En los últimos años se ha visto que los grupos de ciberdelincuentes han tenido que sofisticar sus campañas tanto para tener un mejor ataque como para protegerse a sí mismos de las autoridades, y uno de los métodos que ha llamado la atención de los investigadores es el uso de las redes satelitales.

De acuerdo con Stefan Tanase, investigador senior de seguridad de Kaspersky Lab, recientemente se identificó que el grupo Turla, o también conocido como Snake o Uroburos, utiliza los satélites para que no se detecten ni sus operaciones ni su ubicación física.

Esto es importante si se considera que se trata de un grupo que ha estado activo durante más de ocho años infectando a cientos de computadoras, principalmente en países como Rusia, China o Estados Unidos y, en menor medida, a Brasil, México y Ecuador.

Tanase indicó que las comunicaciones vía satélite son utilizadas para transmitir programas de televisión o comunicaciones seguras, pero a últimas fechas también sirven para dar acceso a internet.

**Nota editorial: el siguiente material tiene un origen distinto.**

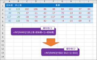 因为 RAND 函数可以产生大于或等于 0 且小于 1 的随机数值,所以将随机数乘以某一个数,即可放大随机数值,而如果要产生的是整数,则藉由 INT 函数来去除小数部分。

Una de las tecnologías usadas se llama enlace de flujo único descendente, el cual permite que las personas accedan a un internet con la desventaja de que todo el tráfico llega a la computadora sin ser cifrado, dejando abierta la puerta para cualquier programa malicioso.

Sin embargo, Tanase resaltó que Turla aprovecha esa debilidad de una forma diferente porque, ante la falta de cifrado, identifica direcciones IP activas de usuarios de internet por satélite para, con éstas, enmascarar la dirección de su servidor de comando y control.

El servidor contiene el malware que implanta en las máquinas y si se descubre su ubicación puede dar mucha información a las autoridades sobre sus movimientos y quiénes son sus objetivos.

El investigador senior de Seguridad explicó que, una vez elegidas las direcciones IP hacen que las máquinas infectadas manden la información de los objetivos a esas direcciones vía satélite, los equipos del usuario legítimo las reciben y después se reenvían al servidor de comando y control.

¿Cuál es el peligro real?

Kaspersky Lab detectó que el grupo Turla abusa de varios proveedores de internet satelital en Medio Oriente y África, los cuales no cubren territorios europeos ni norteamericanos lo que dificulta la acción de las autoridades para rastrear los ataques.

Para el investigador, este tipo de secuestro del tráfico de red entre el usuario y el operador satelital es un peligro, ya que Turla no es el único grupo que ha ocupado este método, también HackingTeam, Xumuxu y Rocket Kitten lo han hecho.

De hecho, resulta un método barato porque, para intervenir las señales satelitales, se requiere una inversión inicial menor a US$1.000 y el costo de mantenimiento al año es similar.

"Si este método llega a popularizarse entre los grupos de ciberpiratas será un grave problema para la seguridad cibernética y para las comunidades de contrainteligencia”, advirtió.

Hasta ahora no se ha vuelto muy recurrente este método porque la mayoría de cibercriminales prefiere otras formas más directas.